Not a bad way to notch your first collegiate goal.

But Rassey’s marker didn’t fuel further celebration from the Huskies in overtime Friday night, despite a two-minute power play to end the game. Instead, it culminated a wild, back-and-forth contest with the Warriors at Matthews Arena 4-4.

Northeastern never led in the contest, but fought from behind all night to tie the score at three and then again at four on Rassey’s tally – both comebacks occurring in the third period.

“It was a weird game,” NU coach Greg Cronin said. “I’m still reflecting on it. You’re thankful you came back and got a point but at the same time you’re disappointed that you didn’t capitalize in overtime on the power play.”

Both coaches praised their teams’ ability to bounce back from drastic swings in momentum. For Northeastern (1-8-3, 1-5-3 Hockey East), it was about dealing with a deficit all night and (better late than never) evening the score.
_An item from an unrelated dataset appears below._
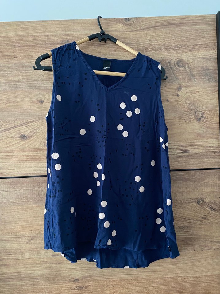 Kolsuz, V yaka ve bol kesim lacivert batik desenli bluz. düğmeli ve midi boy, günlük rahat kullanıma uygun.
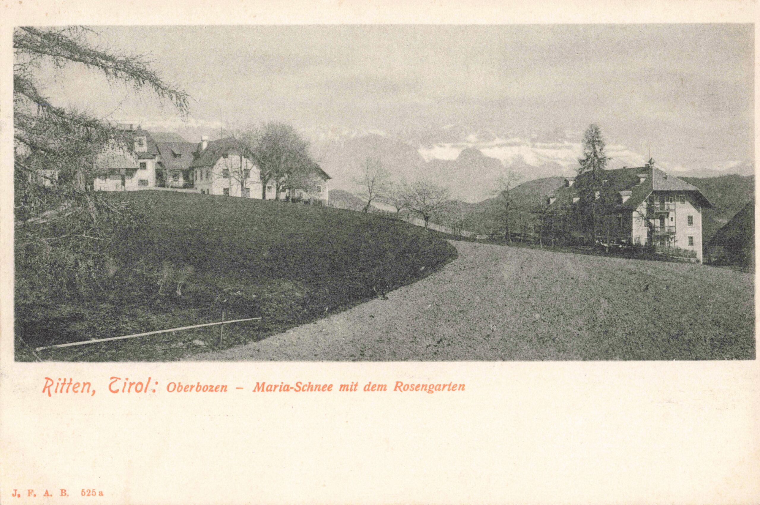 Abb 1: „Ritten, Tirol: Oberbozen – Maria Schnee mit dem Rosengarten“, Ansichtskarte, Anfang 20. Jahrhundert.

“I think (the comeback is) a sign that we’ve got some resiliency,” Cronin said. “I’ve talked about it in the past; we’ve got a tendency to sink when the momentum shifts and the game turns on a sour note. I thought that we responded twice. It was 3-1, 3-3, 4-3, 4-4.”

For Merrimack (4-7-1, 1-5-1 HE), it was about withstanding the Huskies furious rush to earn its third Hockey East point in two games.

“It was good to get a point. Points are tough to come by,” coach Mark Dennehy said. “You can’t take anything away. It’s good to come into someone else’s building and get a point. I was proud of how resilient our guys were in the face of adversity. We were down to 10 forwards there and I thought it was a gut check. To come out with a point is good. It’s good for this program.”

Northeastern entered the final period in a two-goal hole, 3-1, after failing to convert on a five-minute power play late in the second period and allowing Merrimack’s third goal with just 0:05 left in the middle frame off a faceoff in their own end.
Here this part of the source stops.